A spatial preference query ranks objects based on the qualities of features in their spatial neighborhood. For example, using a real estate agency database of flats for lease, a customer may want to rank the flats with respect to the appropriateness of their location, defined after aggregating the qualities of other features (e.g.,restaurants, cafes, hospital, market, etc.) within their spatial neighborhood. Such neighborhood concept can be specified by the user via different functions. It can bean explicit circular region within a given distance from the flat. Another intuitive definition is to assign higher weights to the features based on their proximity to the flat. In this paper, we formally define spatial preference queries and propose appropriate indexing techniques and search algorithms for them. Extensive evaluation of our methods on both real and synthetic data reveals that an optimized branch-and-bound solution is efficient and robust with respect to different parameters.
To our knowledge, there is no existing efficient solution for processing the Top-k Spatial preference query. Object ranking is a popular retrieval task in various applications. In relational databases, we rank tuples using an aggregate score function on their attribute values. For example, a real estate agency maintains a database that contains information of flats available for rent. A potential customer wishes to view the top-10 flats with the largest sizes and lowest prices. In this case,the score of each flat is expressed by the sum of two qualities: size and price, after normalization to the domain (e.g., 1 means the largest size and the lowest price). In spatial databases, ranking is often associated to nearest neighbor (NN) retrieval.Given a query location, we are interested in retrieving the set of nearest objects to it that qualify a condition (e.g., restaurants). Assuming that the set of interesting objects is indexed by an R-tree , we can apply distance bounds and traverse the index in a branch-and-bound fashion to obtain the answer.
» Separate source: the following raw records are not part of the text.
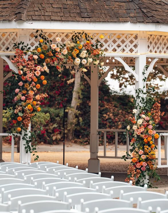 This gazebo is beautifully adorned with rich seasonal blooms in shades of orange, blush, and gold, creating the perfect backdrop for an intimate fall wedding ceremony.
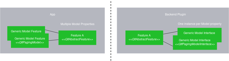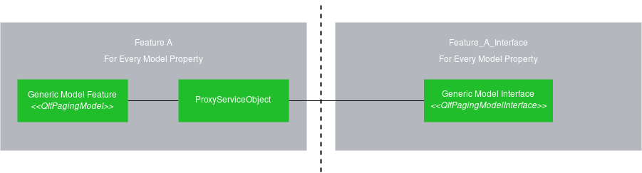To implement this concept, we use the QIfProxyServiceObject to connect the QIfPagingModel instance provided with the correct back-end interface instance.
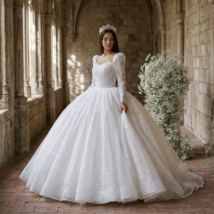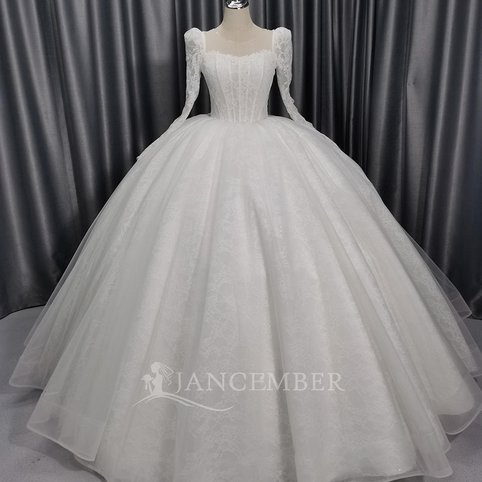 ชุดแต่งงานแบบโมเดิร์นทรงบอลกาวน์ประดับเลื่อมลูกปัดลูกไม้ยาวลากพื้นแบบเปิดหลังสำหรับงานกลางคืน
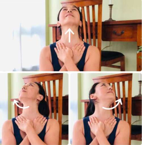 ★顎を上にあげたら左右に顎を10回程度動かします。この時、呼吸は止めずに気持ちの良い範囲で動かしましょう。
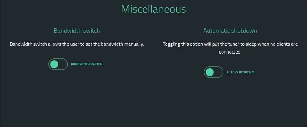 Por fim, esta seção permite que ajustemos mais duas funcionalidades diferentes: permissão ao usuário para alterar a largura de banda e autodesligamento do tuner (quando estiver sem usuários).
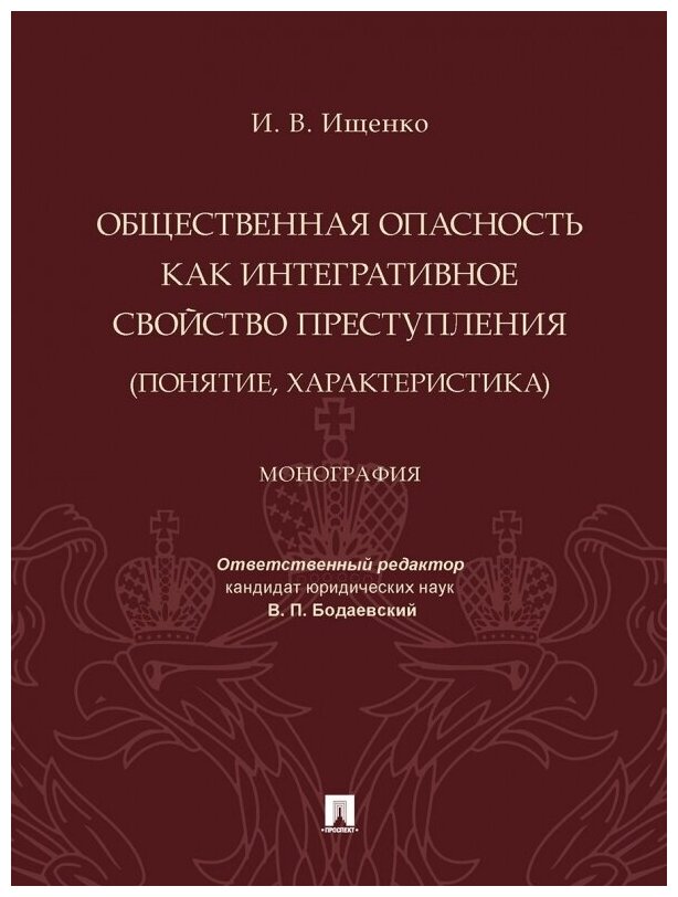 Общественная опасность как интегративное свойство преступления (понятие характеристика). Монография (Ищенко И.В.,отв.ред.Бодаевский В.П.); Проспект, 2023
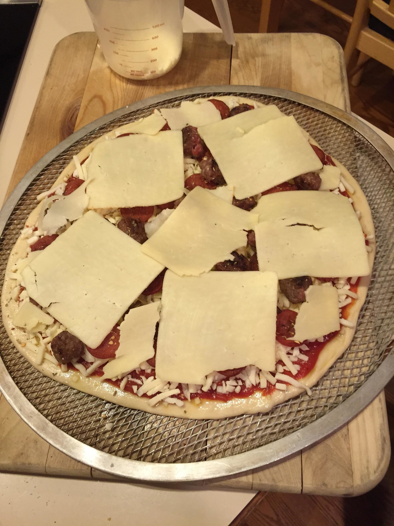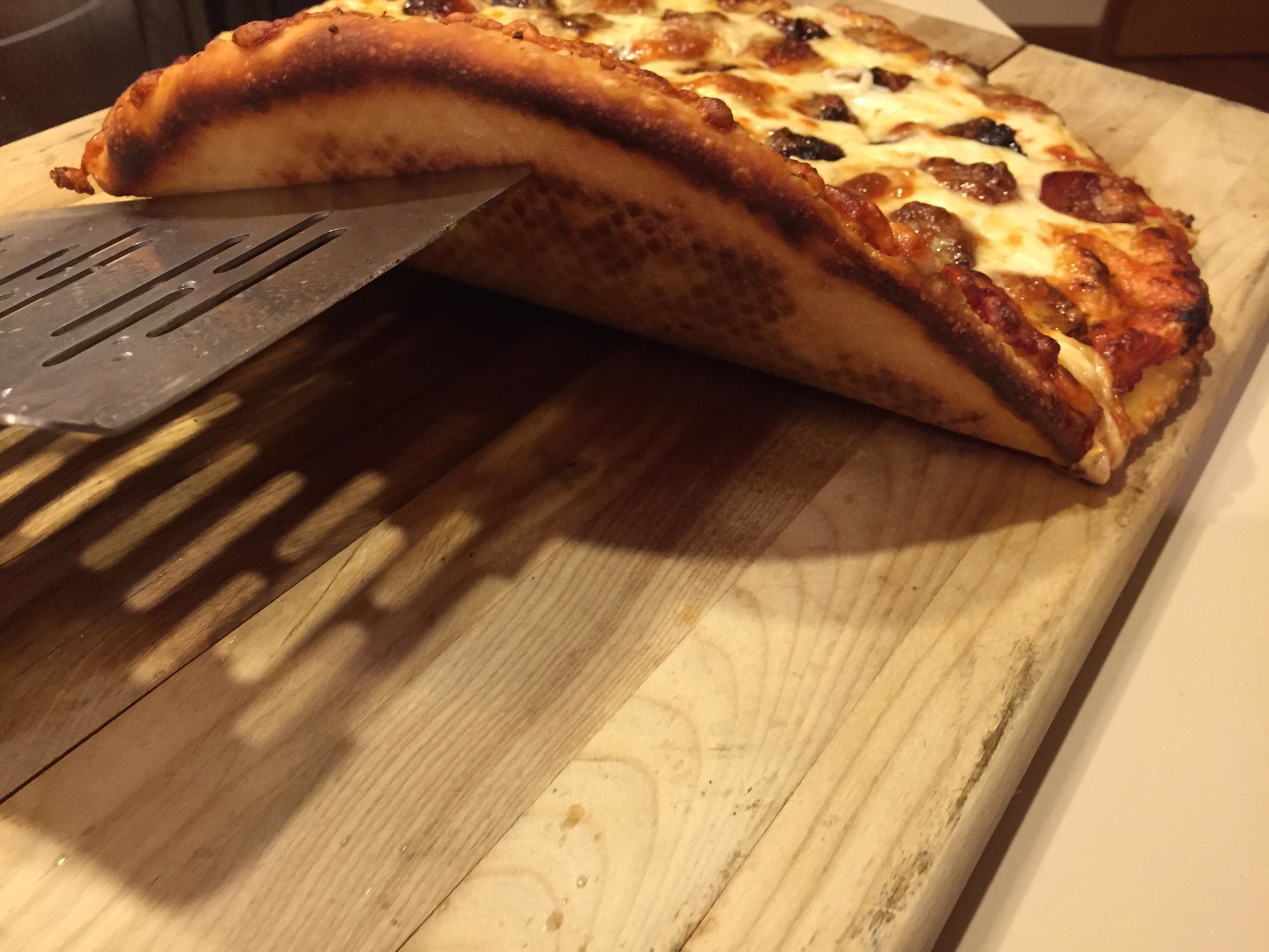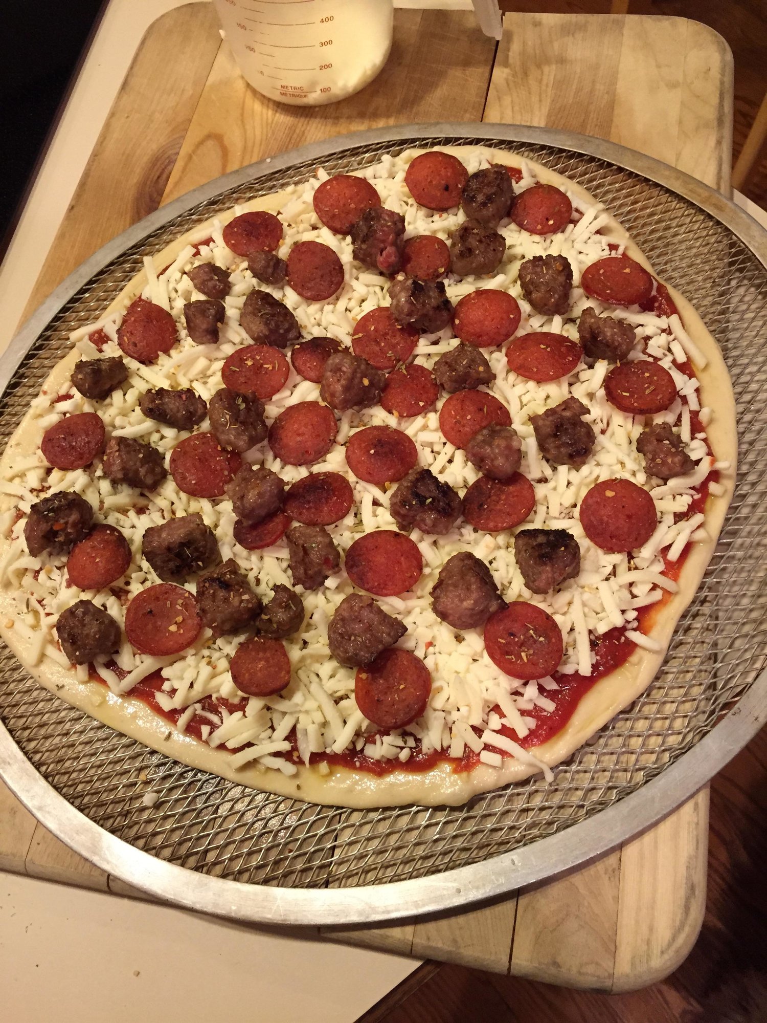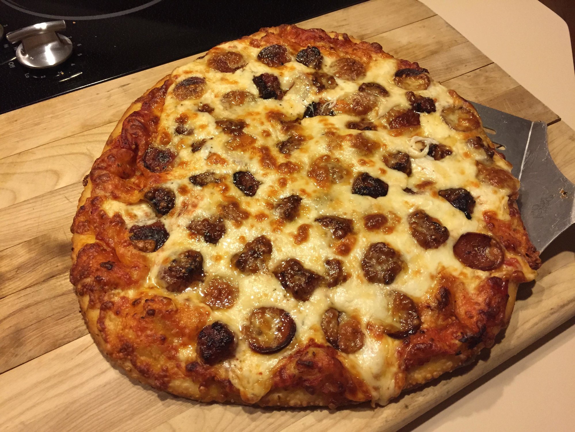 First pizza cook in a couple months, 12 inch dough rolled to about 13/14 inch store bought Mids pizza sause 50/50 Motts & Provalone, pepperoin, mild sauage then a thin layer of white cheddar baked at 500 until the bottom & top look like the top of a loaf of white bread (we like pizza well done) about 13/14 minutes

We propose spatial ranking, which orders the objects according to their distance from a reference point, and non-spatial ranking, which orders the objects by an aggregate function on their non-spatial values. Our top- k spatial preference query integrates these two types of ranking in an intuitive way. As indicated by our examples, this new query has a wide range of applications in service recommendation and decision support systems. To our knowledge, there is no existing efficient solution for processing the top-k spatial preference query. A brute-force approach for evaluating it is to compute the scores of all objects in D and select the top-k ones. This method, however, is expected to be very expensive for large input data sets.